«Hinter seinem Kopf war eine meterlange Blutspur»
Im Magazin der Basler Muttenzerkurve «Schreyhals» wurde ein Text veröffentlicht, der Fangewalt stark verherrlicht. Ein Experte ordnet ein.
Die Muttenzerkurve verteilte am Sonntag vor der Partie zwischen dem FC Basel und dem FC Luzern ihr Magazin «Schreyhals». Die kleine Zeitung berichtet von Geschehnissen innerhalb und rund um die aktive Fanszene des FCB. Den «Schreyhals» gibt es seit rund 20 Jahren.
Wer die neuste Ausgabe liest, gerät auf Seite elf ins Stocken. Dort ist ein Text abgedruckt, der Gewalt zwischen Fussballfans stark verherrlicht. Es wird von einem Rencontre zwischen FCB- und YB-Hooligans berichtet aus Sicht eines Baslers mit dem Pseudonym «Mamme Klingedaal.»
«Ein wunderbar mächtiges Gefühl»
Darin steht: «Im Vollsprint erwischte meine Faust einen Wangenknochen unter einer schwarz-gelben Skimaske. Er fiel sofort zu Boden. Meine Handknochen: stabil. Ein wunderbar mächtiges Gefühl.»
Doch damit nicht genug. «Einer lag bewusstlos vor einem Hauseingang, hinter seinem Kopf war eine meterlange Spritzspur aus Blut zu sehen. Davor ein Basler, ‹eine vo uns›, stehend, mit vollgeblutetem Schuh. Stolz erzählte er, wie sein Fuss schmerzte, weil er dem Berner mit grosser Wucht in den Kopf getreten habe.»
«Man ist wie auf Droge»
Solche Szenen sind in der Schweiz nichts Neues. Immer wieder kommt es im Rahmen von Fussballspielen zu Ausschreitungen. Erst kürzlich sorgte ein Pyro-Wurf in Winterthur für grosse Schlagzeilen. Dirk Baier vom Institut für Delinquenz und Kriminalprävention an der ZHAW erklärt, was der Reiz bei solchen Taten ist. «Gewalt ist etwas, das mit Adrenalinausschüttung verbunden ist. Man erlebt sich dadurch in einem anderen körperlichen Zustand, was reizvoll ist – man ist ein wenig wie auf Droge.»
Dazu könne man sich durch Gewalt beweisen. Das heisst, man bekomme Anerkennung durch Dritte.
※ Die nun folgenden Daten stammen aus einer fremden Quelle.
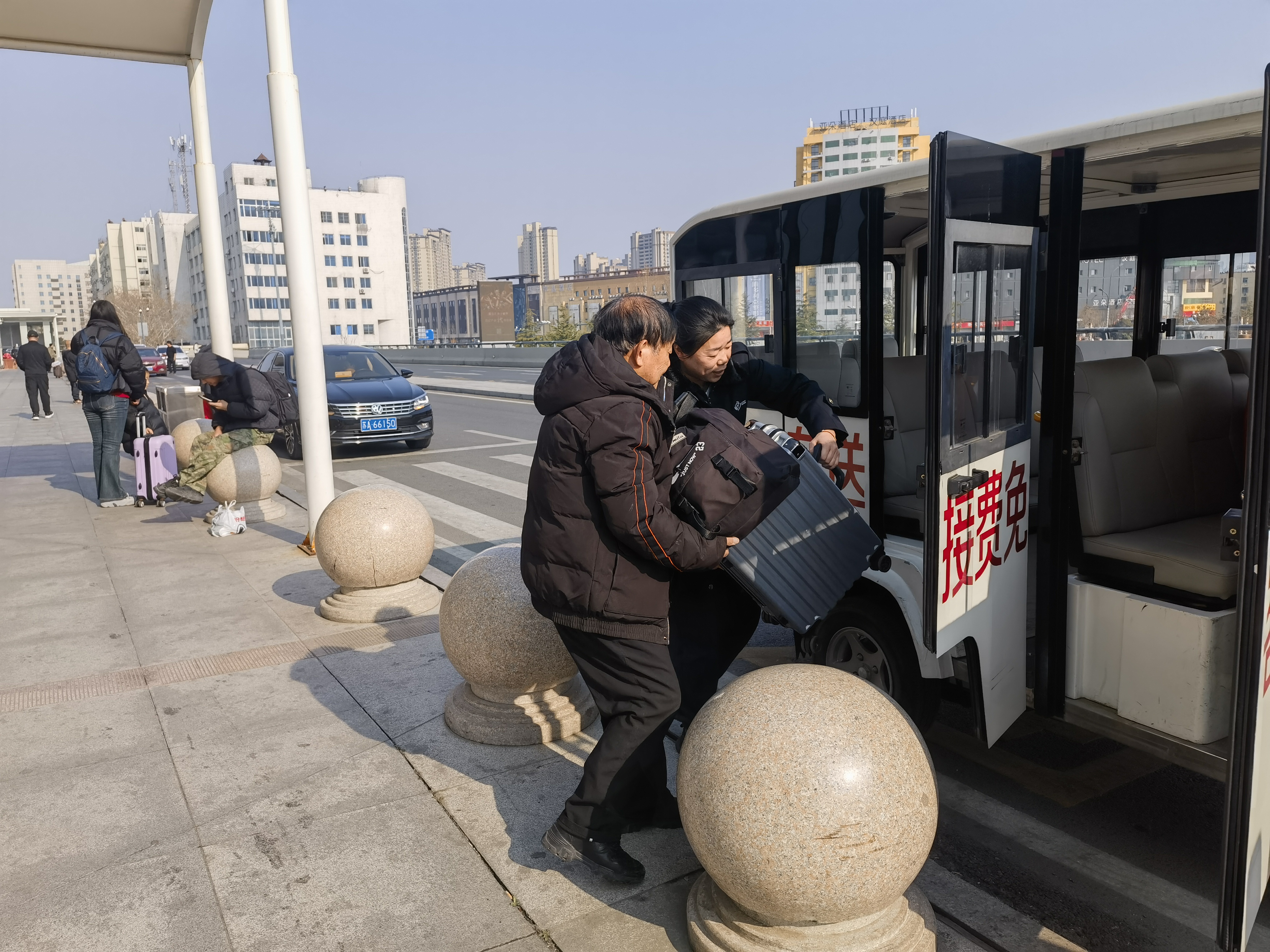 當(dāng)天,一位從高鐵出站的老大爺,帶著大件行李,行色匆匆又滿臉焦急。他要趕當(dāng)天前往響水的班車,可行李多、行動(dòng)不便,時(shí)間又緊迫,讓他陷入了困境?!袄卒h車”手呂紅路過時(shí),注意到了老大爺?shù)木狡?。她立刻走上前,詢問情況后,主動(dòng)提出用“雷鋒車”送老大爺去車站。
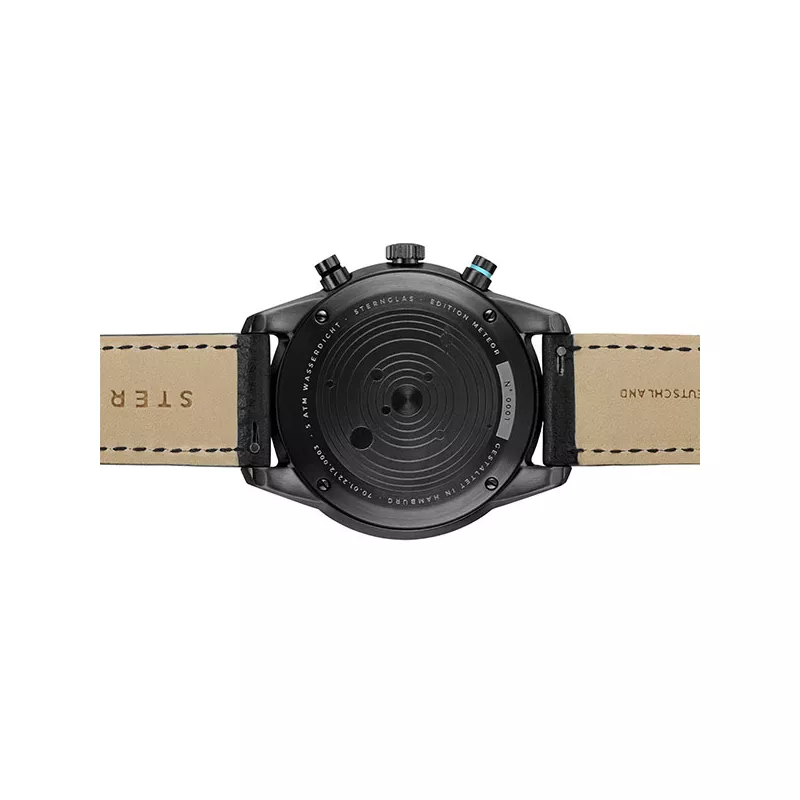 Le chronographe à quartz noir est à la fois simple et saisissant. Édition Tachymètre Meteor, noir Modena.
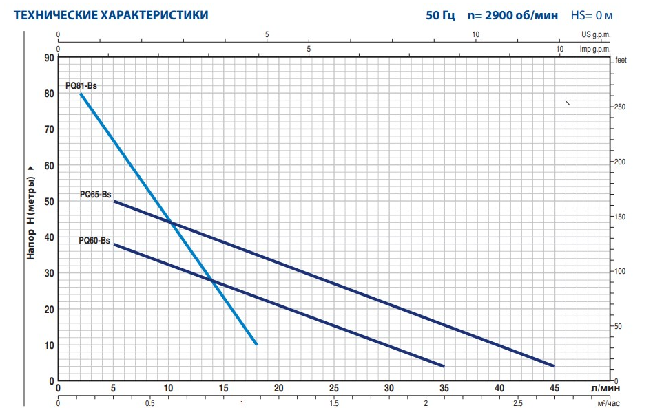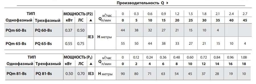 Domeniile pompelor din seria PQ-BS Pedrollo:
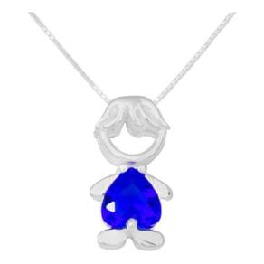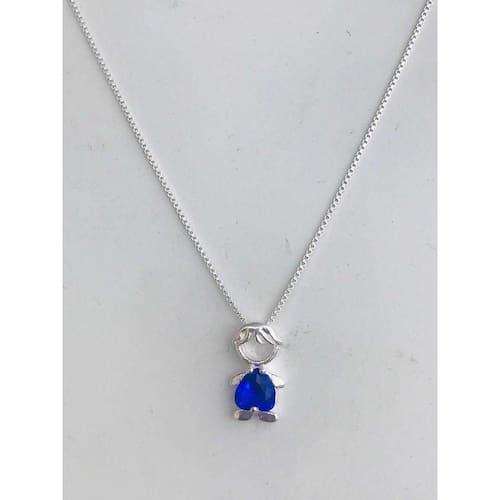 Colar De Filho Prata Corrente Pingente Menino Pedra Azul
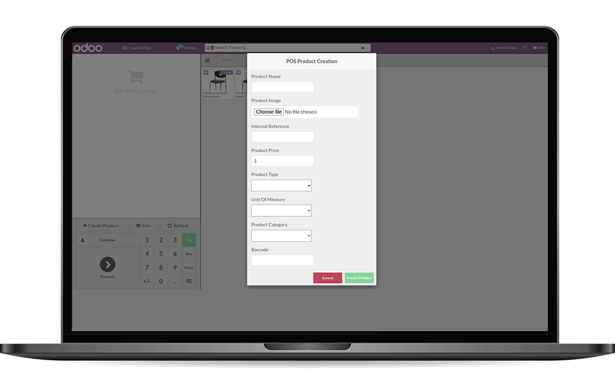 The module provisions the end user to create products directly from Point of Sale. The new button "Create Product", shall enable the end user to add details such as product name, product image, internal reference, price, type, category, barcode and more from POS. Upon clicking the confirm button, a new product shall be created based on provided details.

Durch das Besiegen eines Gegners «spüre man sich selbst und sei erfolgreich», fügt Baier an.
Die Zugehörigkeit einer Gruppe spielt eine grosse Rolle beim Thema Fangewalt.
Die Schilderung aus dem «Schreyhals» scheint ihm sehr authentisch. «Ich finde es zugleich schwierig, dass im Fanmagazin eine solch gewaltverherrlichende Story abgedruckt wird. Eine Distanzierung von dem Geschriebenen wäre wichtig», so der Experte.
FC Basel wusste von nichts
Der FCB hat sich zu diesem fragwürdigen Inhalt im Magazin geäussert. Gegenüber «Prime News» sagt FCB-Mediensprecher Simon Walter: «Der Inhalt deckt sich nicht mit den Werten, für welche der Club steht.» Der FC Basel sei jeweils informiert, wann der «Schreyhals» vor dem Stadion verteilt werde.
Den Schreyhals ist das Sprachrohr der Muttenzerkurve.
Über den Inhalt des Magazins wisse der Verein vorab jedoch nichts. Eine solche Grenzüberschreitung sei bis jetzt noch nie vorgekommen. Der «Schreyhals» wurde bisher als konstruktiver Beitrag der Fanszene verstanden. Weiter sagt Walter: «Wir haben im Hinblick auf künftige Ausgaben des «Schreyhals» das Gespräch mit der Muttenzerkurve gesucht.»